Justin Smoak Complicating Matters
For the first 5 1/2 months of 2012, Justin Smoak was awful. In a make-or-break year, Smoak put up his worst numbers in nearly every meaningful category and lost his spot on the roster, ending up back in Triple-A to try and fix his swing. He only got recalled to the Majors because Mike Carp got injured and they didn’t have any other alternatives at first base in the organization, so despite the fact that he was lousy in Tacoma too, he came back up before he had really gotten his act together. And then he continued to be lousy against Major League pitching.
On September 12th, Smoak was hitting .190/.260/.312 and had been worth -1.4 WAR. He was in the running for worst player of 2012. And then, out of nowhere, Smoak started hitting.
Over the last 10 games, Justin Smoak has come to the plate 38 times, and he’s reached base in 20 of them. He’s only struck out five times. He even has three doubles, which is as many as he had in the first three months of the season put together, and he’s hit the ball over the wall twice.
Five extra base hits in 10 games isn’t anything special for a first baseman, but for Smoak, it’s a pretty big step forward from what he’d done previously. And, it’s come at the same time that he’s making contact and stinging singles all over the plate, so the total package has resulted in a crazy .455/.526/.727 line that is second best in baseball over the last 14 days – only Ichiro Suzuki has been better. I wonder what the odds in June would have been for Ichiro and Smoak being the two best hitters in baseball down the stretch. Baseball is weird.
So, after 5 1/2 months of being hopeless, Smoak has given us 10 days of being amazing, and is threatening to leave a lasting positive memory of his performance on the organization going into the off-season. An off-season in which one of the main priorities is to figure out what they’re going to do at first base, because they simply can’t go into 2013 with Justin Smoak penciled in as a starter. But, now, all of the sudden, having him around to at least fight for a job in spring training doesn’t seem all that crazy, given his shorter swing and the results its producing. It’s worth figuring out if this is for real, right?
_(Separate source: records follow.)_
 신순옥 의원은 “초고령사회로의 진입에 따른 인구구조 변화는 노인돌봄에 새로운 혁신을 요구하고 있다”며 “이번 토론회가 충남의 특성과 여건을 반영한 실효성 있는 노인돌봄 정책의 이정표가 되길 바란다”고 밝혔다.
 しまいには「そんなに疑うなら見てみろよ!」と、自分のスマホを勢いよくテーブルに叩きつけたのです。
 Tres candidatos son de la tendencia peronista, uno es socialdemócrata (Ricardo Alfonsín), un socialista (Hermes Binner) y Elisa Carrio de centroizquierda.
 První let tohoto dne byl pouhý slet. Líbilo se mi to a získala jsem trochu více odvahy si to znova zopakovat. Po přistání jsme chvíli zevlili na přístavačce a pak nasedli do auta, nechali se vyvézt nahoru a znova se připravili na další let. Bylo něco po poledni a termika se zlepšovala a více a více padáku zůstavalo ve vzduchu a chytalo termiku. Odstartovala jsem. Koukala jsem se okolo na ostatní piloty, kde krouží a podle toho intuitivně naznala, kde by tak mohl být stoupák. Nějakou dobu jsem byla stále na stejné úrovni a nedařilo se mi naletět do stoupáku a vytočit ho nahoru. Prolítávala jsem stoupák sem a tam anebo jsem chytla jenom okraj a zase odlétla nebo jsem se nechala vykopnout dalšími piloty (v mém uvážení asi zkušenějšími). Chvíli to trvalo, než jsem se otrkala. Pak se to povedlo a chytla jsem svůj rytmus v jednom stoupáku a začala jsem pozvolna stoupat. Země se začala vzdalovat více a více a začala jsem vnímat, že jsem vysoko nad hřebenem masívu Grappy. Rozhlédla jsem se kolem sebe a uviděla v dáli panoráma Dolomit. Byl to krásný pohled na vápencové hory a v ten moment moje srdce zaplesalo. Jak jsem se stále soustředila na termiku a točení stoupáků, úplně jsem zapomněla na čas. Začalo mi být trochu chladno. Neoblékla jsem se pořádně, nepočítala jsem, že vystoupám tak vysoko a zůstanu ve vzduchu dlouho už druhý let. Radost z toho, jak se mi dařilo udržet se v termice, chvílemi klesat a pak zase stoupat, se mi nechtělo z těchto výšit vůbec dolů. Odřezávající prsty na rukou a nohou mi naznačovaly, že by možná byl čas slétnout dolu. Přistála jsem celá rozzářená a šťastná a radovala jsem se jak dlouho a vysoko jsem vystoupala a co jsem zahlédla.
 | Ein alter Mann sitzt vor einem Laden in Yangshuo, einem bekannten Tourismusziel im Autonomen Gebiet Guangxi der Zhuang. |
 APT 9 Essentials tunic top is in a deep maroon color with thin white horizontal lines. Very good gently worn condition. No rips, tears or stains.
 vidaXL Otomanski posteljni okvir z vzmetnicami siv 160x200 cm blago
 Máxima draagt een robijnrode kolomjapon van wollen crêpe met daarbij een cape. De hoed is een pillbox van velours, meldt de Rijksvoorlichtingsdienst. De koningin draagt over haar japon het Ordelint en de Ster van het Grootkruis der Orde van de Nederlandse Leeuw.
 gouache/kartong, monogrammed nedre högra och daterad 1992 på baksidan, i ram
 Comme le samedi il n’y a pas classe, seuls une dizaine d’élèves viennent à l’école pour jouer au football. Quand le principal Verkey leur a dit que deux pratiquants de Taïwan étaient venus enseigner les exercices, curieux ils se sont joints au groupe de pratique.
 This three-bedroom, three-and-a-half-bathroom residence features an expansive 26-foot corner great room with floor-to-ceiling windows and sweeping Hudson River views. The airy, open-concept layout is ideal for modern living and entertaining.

Well, maybe. Keep in mind, Smoak has done this before, and even put together a run like this earlier in the season. From May 25 to June 2nd, Smoak hit .394/.459/.879 over 37 plate appearances. He hit five home runs in eight games while only striking out six times. He won AL Player of the Week. And then it all disappeared in an instant – from June 3rd to June 17th, he hit .137/.241/.137, failing to even knock a single extra base in 14 games. Smoak’s crazy hot streak didn’t have any predictive value then, and we should be careful assuming that this one does simply because we might not have enough time left in the season to actually see the regression take place.
I hope Justin Smoak has figured something out. It doesn’t make sense that he’s truly one of the worst hitters in baseball, and it’s nice to see that he is still capable of hitting the ball hard for short bursts of time. But, I don’t think our opinion of what the team should do with Justin Smoak next year should have changed much over the last 10 days.
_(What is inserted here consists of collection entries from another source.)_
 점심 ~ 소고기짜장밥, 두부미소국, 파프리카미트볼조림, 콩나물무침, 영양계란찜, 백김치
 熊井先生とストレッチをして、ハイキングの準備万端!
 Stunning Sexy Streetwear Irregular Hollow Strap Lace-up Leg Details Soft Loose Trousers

Because he was never optioned to the minors in 2011, he still one option year remaining, meaning the Mariners can have him start 2013 in Tacoma if they want. And they should want to. If he’s really retooled his swing in a way that will lead to long term success, starting out in the hitter’s heaven of the PCL should allow him to prove it in an environment where hitting the ball hard is often rewarded. While I’m sure these last 10 days have been a confidence boost, sustained success with his new swing can’t hurt, and he’s more likely to get that kind of confidence-inspiring success in the minors than he is in the Majors. And, to be honest, the Mariners need more proof that he really is a changed hitter, capable of racking up doubles in bunches and avoiding all those weak pop-ups he hit this year.
Back in June, I wrote that I was ready to give up on Justin Smoak. My feelings from that post still haven’t changed – the Mariners have to do better at first base next year than simply giving Smoak another opportunity. But, now, instead of shipping him off as a change-of-scenery guy, keeping him around as depth in Tacoma doesn’t seem like a terrible idea. If these changes are real, and he’s going to keep hitting in the future, having him start 2013 in the minors to earn his way back to the big leagues isn’t a terrible idea. If he lights up the PCL next April, I’m sure the Mariners won’t have a problem finding room for him on the roster, and if he doesn’t, then they’ll be happy they didn’t waste another year hoping that this is the season Justin Smoak gets hot for more than a week or two at a time.
10 days ago, it was fairly safe to write Smoak out of the team’s plans for next year. Now, he’s forced himself back into the discussion, but 10 good games shouldn’t be enough to overwhelm the months and years of failure that he’s put up previously. While I’m happy to see Smoak doing well, the M’s need to view his recent run of success with some skepticism, at least when it comes to planning for who is getting playing time in 2013. He’s hit well enough to avoid being a write-off, but he shouldn’t yet be given any kind of starring role in the team’s future plans. Now, you keep around as a curiosity and depth, but you still can’t go into next year with Smoak as the scheduled starter at first base. He hasn’t earned that, even with a really strong finish to the year.